Фриш говорил мне, что предпочитает условное место действия, ибо заставить двух цюрихцев, встретившихся на мосту через Лиммат, беседовать между собой по-немецки было бы условностью совсем уж вопиющей. Пока я не побывал в Швейцарии, сказанное Фришем казалось мне некоторым преувеличением. Но потом я убедился, что для жителя Базеля, Берна или Золотурна немецкий все равно что латынь для средневекового парижанина. Это язык бюрократии, школы, церкви. И язык литературы. В обиходе он кажется им смехотворно торжественным. Всем, даже самим писателям. Может быть, этим и объясняется их своеобразное отношение к языку, на котором они пишут, они не то чтобы его пародируют, а скорее смотрят и на него с дистанции, как на нечто искусственное, сконструированное, неживое и потому способное выдержать любой эксперимент, подчиниться любой форме рассказывания…
А Дюрренматт, когда мой с ним разговор коснулся тех же материй, подошел к делу еще практичнее.
— Кого интересует быт маленькой страны? — сказал он. — Нью-йоркские, парижские или московские «реалии» могут быть важны и сами по себе. Они вроде символа чего-то существенного, значительного для всей нашей действительности. Но не «реалии» бернские, невшательские или брюссельские…
Отсюда — притча, парабола, иносказание, смещение перспектив, опосредование жизни. Швейцарский опыт, даже какие-то реальные швейцарские отношения, разумеется, присутствуют, однако, как мы вскоре увидим, претворенные неким личным, субъективным их восприятием. «Человеческая душа, — говорит Фриш, и это в равной мере относится как к его пьесам, так и к романам, — вот постоянная игровая площадка!» И он вводит эту «игровую площадку» — или, иначе говоря, углубляется в человеческую душу, — чтобы понять что же творится в окружающем его мире.

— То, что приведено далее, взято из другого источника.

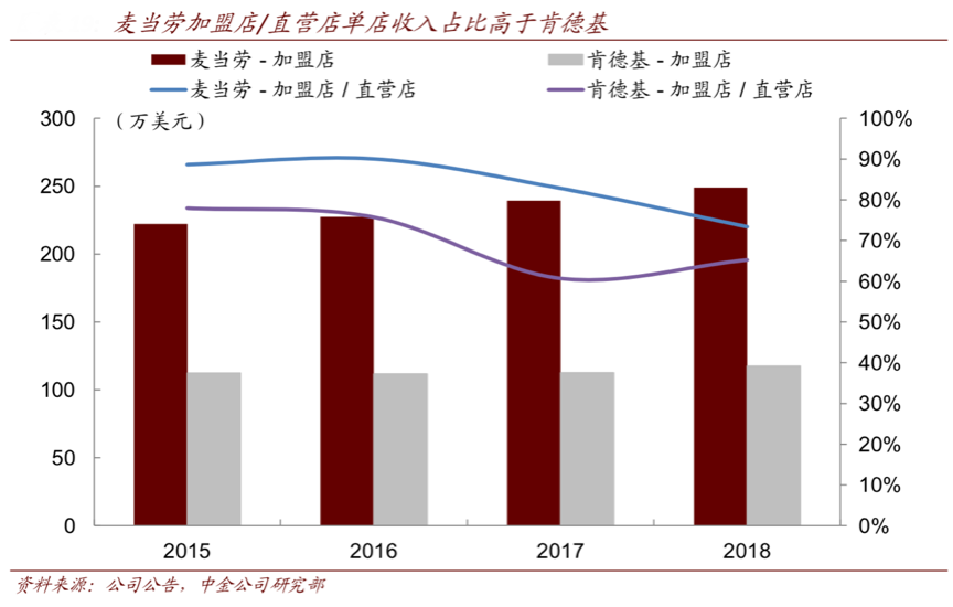經(jīng)典案例:根據(jù)公司公告、中金公司研究部等綜合資訊表明,麥當(dāng)勞自1967年開啟全球擴(kuò)張,先后進(jìn)入巴西、泰國、中國大陸、印度、越南等地,進(jìn)入市場和門店擴(kuò)張的過程也伴隨著當(dāng)?shù)厣鐣挟a(chǎn) 階級的崛起和居民消費(fèi)水平的提升,定義了當(dāng)?shù)鼐用駥τ诿朗娇觳偷恼J(rèn)知。同時2015-2018 年麥當(dāng)勞加盟店單店收入占直營店單店收入比例的均值達(dá) 84%,而同時期肯德基的比例均值為 70%。

«Если люди, которые получили такое же, как я, образование, произносят те же слова, что и я, любят те же книги, ту же музыку, те же картины, — если эти люди не избавлены от опасности превратиться в извергов и совершать поступки, на которые, как мы полагали, наши современники… совершенно неспособны, то где гарантия, что от этого избавлен я?», — так спрашивает Макс Фриш. И он не только спрашивает, а и утверждает: «Я окончательно убежден, что и мы, если бы фашизм не стал для нас невозможным благодаря тому счастливому обстоятельству, что с самого начала угрожал нашему суверенитету… внутренне не справились бы с ним… по крайней мере, в немецкой Швейцарии».
Такое суждение не ново. И оно способно стать при случае доводом в пользу примирения со злом: не судите, дескать, да не судимы будете; все зависит от обстоятельств… Фриш, однако, хочет понять, откуда берутся «изверги». И ничто так его не раздражает, как теории «чистого» искусства: «Кто не занимается политикой, тем самым уже демонстрирует свою политическую партийную принадлежность, от которой хотел откреститься: он служит господствующей партии».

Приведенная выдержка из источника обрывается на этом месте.